A Hindi production of Mahesh Dattani's Final Solutions comes to Mumbai
Final Solutions is one of Mahesh Dattani's best known plays, it has had several productions (including one at Bangalore's Rang Shankara earlier this year), and won the playwright Mahesh Dattani a Sahitya Akademi Award.
His fifth play was eerily prescient, since it was written in 1991 before the Mumbai communal riots. The first production of the play to be directed by Dattani himself in Bangalore, was cancelled due to its volatile content. A little later, when the riots had given it a frightening relevance, Alyque Padamsee did a critically acclaimed production in Mumbai.
The play is about a Hindu family sheltering two Muslim boys during a riot, during the course of which deep seated prejudices are uncovered.
Mumbai will see a Hindi version of the play (Shahid Anwar adapted it), directed by Arvind Gaur, at the ongoing National Theatre Festival at Nehru Centre.
Arvind Gaur who heads the Delhi-based theatre group Asmita has done over 48 plays in the 12 years since he set up the group, and most of them have been socially relevant; Girish Karnad's Tuglaq, Dharamveer Bharti's Andha Yug, Dario Fo's An Accidental Death of an Anarchist, Munshi Premchand's Moteram Ka Satyagrah, Ashok Lal's Ek Mamooli Aadmi, Pinki Virani's Bitter Chocolate, Bhishma Sahani's Madhavi, Manjula Padmanbhan' Hidden Fires to name a few.

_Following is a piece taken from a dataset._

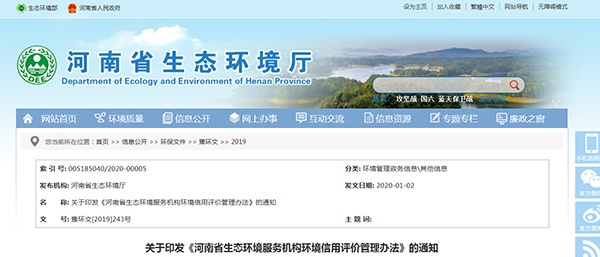 2019年12月31日,河南省生態環境廳會同河南省發展改革委、河南省市場監督管理局、河南省稅務局、人民銀行鄭州中心支行、河南省銀保監局于聯合制定了《河南省生態環境服務機構環境信用評價管理辦法》。

His latest production, Mr Jinnah was banned in Delhi leading to widespread protests by the theatre community. Final Solutions is still as powerful as when it was first performed-though it has been criticized for being a one-sided portrayal of communalism. The play examines the problem of communalism from the days of Partition to the present, through the eyes of three generations of a Gujarati Hindu family.
Hardika, the grandmother, cannot forget the Partition trauma, the betrayal by a Muslim friend and her father's murder. Her son lives with the guilt that his fortunes were founded on the ashes of a Muslim establishment burnt down by a Hindu mob. Hardika's daughter-in-law is a strict Hindu and the granddaughter cannot think of a relationship with a Muslim boy. The inner turmoil is exposed when two Muslim boys, Babban and Javed, being chased by Hindu rioters seek refuge in their house.

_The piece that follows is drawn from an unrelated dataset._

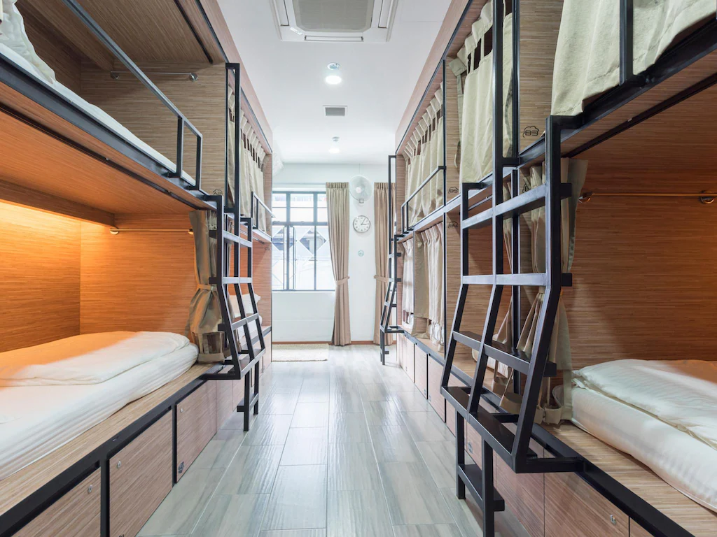 There are many types of accommodations here, but the most popular among backpackers are the dormitory-style rooms with separate sleeping pods and air conditioning. Each spacious capsule sleeps up to 2 people with built-in amenities such as: 2 pillows, warm bedding and duvet, clothes rack, towels, international power sockets, personal lockers, etc. (klook, agoda)

While a verbal and spiritual tug of war goes on, a Chorus comments on the conflicts faced by the characters-a device that helps put the various issues into perspective in the intense and disturbing play.
Gaur says in his Director's Note: " Final Solutions touches us, and the bitter realities of our lives so closely that it becomes a difficult play to handle for the Indian director. The past begins top determine the outlook of the present and thus the earlier contradictions reemerge. No concrete solutions are provided in the play to the problem of communalism but it raises questions on secularism and pseudo secularism. It forces us to look at ourselves in relation to the attitudes that persist in the society. Since it is an experiment in time and space and relates to memory, it is a play, which involves a lot of introspection on the part of the characters in the play and thus induces similar introspection in the viewers."